This bit in Marco Roth’s review of several Russell Hoban novels hit a chord with me and made me scrabble in my bookcases for my own copy of Riddley Walker:
Unlike Tolkien’s Middle Earth and its logical Elvish languages, intended to provide an ordered universe for dualistic fantasies of good v. evil, Riddley Walker’s world is our own, warped to breaking point. The pleasure of puzzling over Hoban’s inventiveness is complicated by the horror of the novel’s premise. The hellish aftermath of nuclear winter isn’t funny, and every pun or chopped up bit of language is a trace of this, as well as a game for the reader.
Adam Roberts in his foreword to the 2012 SF Masterworks wrote about being sixteen in 1980 when reading Riddley Walker and “the pervasive, acute anxiety that nuclear war might break out any day”. I’m a decade younger than him and I also remember that fear growing up in the eighties, only receding in the latter half of the decade. It might not be a coincidence that this novel, though started the year of my birth, 1974, was only finished and published in 1980. Roth cuts at the heart of Riddley Walker with this paragraph: nuclear war as a disaster that not just destroys society, but language itself. It reminds me of Threads, which similarly argued that the real disaster of nuclear war wasn’t just the war itself, but the destruction of human culture in its aftermath. My own fears at the time were more primeval, as in just not wanting to die in a nuclear war. It’s only later that I understood that as the true horror of a nuclear war. The threat of the destruction of not just civilisation, but of humanity smashed back to the stone age, its history lost, unable to climb back on.

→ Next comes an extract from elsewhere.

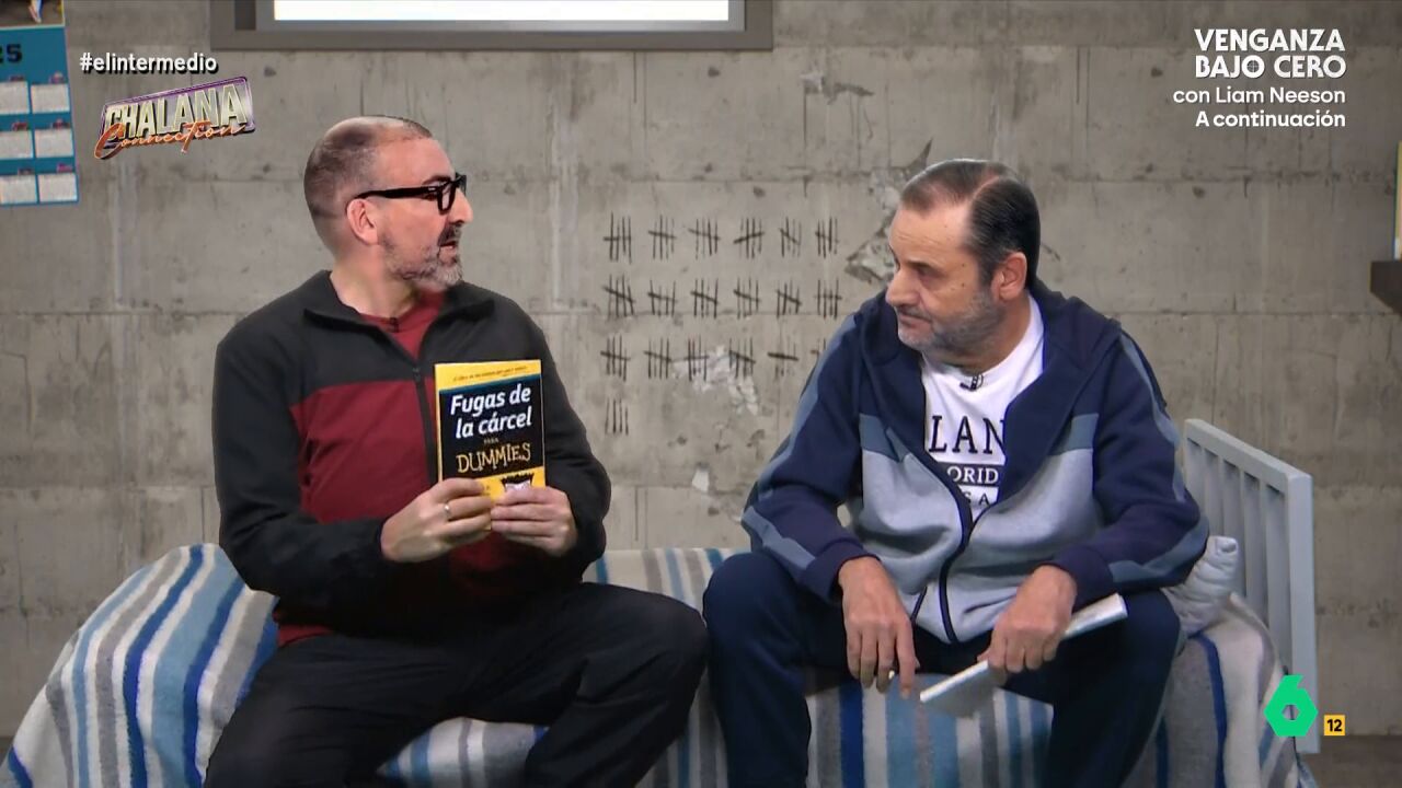 El Intermedio estrena un nuevo capítulo de su serie 'Chalana connection', protagonizada por 'José Luis Ábalos' y 'Koldo García'. El 'exsocialista' está haciendo un crucigrama cuando su 'exasesor' le muestra un libro que le ha dado un miembro del clan de los albaneses a cambio de un paquete de tabaco. El libro se titula 'Fugas de la cárcel para dummies'. "Tiene todos los trucos: descolgarse con sábanas por la ventana, cortar rejas con una lima, hacer un túnel con una cucharilla...", cuenta 'Koldo'. "¿Qué le parece?", pregunta a su compañero de celda. "Me parece que eres gilipollas, coño", responde, "sí, es un libro para dummies, pero muy dummies". "Eres un bigardo de 140 kilos, necesitas una cadena perpétua para hacer un túnel con una cucharilla", añade. "Ya lo sé, jefe", se lamenta 'García', "por eso mi idea es encargarle el túnel a Servinabar, y ya de paso sacarnos una comisión". "Para no tragar polvo, tengo otro contacto que nos pasa mascarillas", añade 'Koldo', "es un win-win". "Pero ¿cómo van a entrar aquí los de Servinabar, que no estamos en La Chalana, coño, que aquí lo más parecido a un centollo son las cucarachas del váter". 'Koldo' considera que, debido a la lentitud del juez, "me apuesto un brazo a que los de Servinabar estarán aquí encerrados en dos semanas". "Y son expertos en cavar túneles", añade. "Son expertos en trincar cavando túneles", responde 'Ábalos'. El 'exsocialista', además, duda de que pudieran ocultarlo. "Lo tengo todo planeado", afirma 'Koldo', "el guardia de la noche hace su última ronda a las 11 y el siguiente no pasa hasta las cinco de la madrugada, tenemos seis horas enteritas". "Lo mejor es que usted solo tiene que dormir", añade 'García', "teniendo en cuenta que ronca como un martillo neumático no se notará el ruido".

That’s the difference between Riddley Walker/Threads and most American nuclear holocaust fiction. By the eighties it was impossible to pretend here in Europe that a nuclear war could be survived, let alone won; there just isn’t any place to escape to if the bombs had started dropping. In America on the other hand, with its still massive wilderness, you could imagine surviving away from the cities, rebuilding something akin to civilisation. Whether that would’ve been true is another matter.